» **TASK REQUIREMENTS**: In the records below, the lines between the one holding "Women Brazil #1" and the one holding "全国のクラフトビールを家庭用", inclusive, are to be transcribed exactly; no pictures are to be included.

» **DATA PROVIDED**:
▶

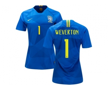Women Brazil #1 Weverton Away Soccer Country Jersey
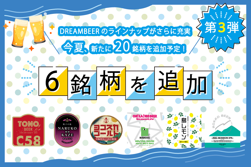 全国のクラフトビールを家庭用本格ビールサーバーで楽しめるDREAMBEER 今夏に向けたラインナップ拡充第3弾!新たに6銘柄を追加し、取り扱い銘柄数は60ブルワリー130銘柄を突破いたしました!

◀
▶

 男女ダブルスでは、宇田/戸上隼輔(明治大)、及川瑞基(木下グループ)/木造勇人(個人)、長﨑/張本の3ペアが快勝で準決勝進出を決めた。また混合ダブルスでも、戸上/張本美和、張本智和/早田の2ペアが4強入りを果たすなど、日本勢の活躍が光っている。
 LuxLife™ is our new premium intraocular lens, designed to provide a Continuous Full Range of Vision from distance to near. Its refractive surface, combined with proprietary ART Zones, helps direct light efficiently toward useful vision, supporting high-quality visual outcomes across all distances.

◀
▶

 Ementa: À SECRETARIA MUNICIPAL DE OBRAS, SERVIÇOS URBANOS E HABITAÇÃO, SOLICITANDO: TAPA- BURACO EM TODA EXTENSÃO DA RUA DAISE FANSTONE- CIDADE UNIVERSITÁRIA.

◀

» **EXERCISE RESULT**:
Women Brazil #1 Weverton Away Soccer Country Jersey
 全国のクラフトビールを家庭用本格ビールサーバーで楽しめるDREAMBEER 今夏に向けたラインナップ拡充第3弾!新たに6銘柄を追加し、取り扱い銘柄数は60ブルワリー130銘柄を突破いたしました!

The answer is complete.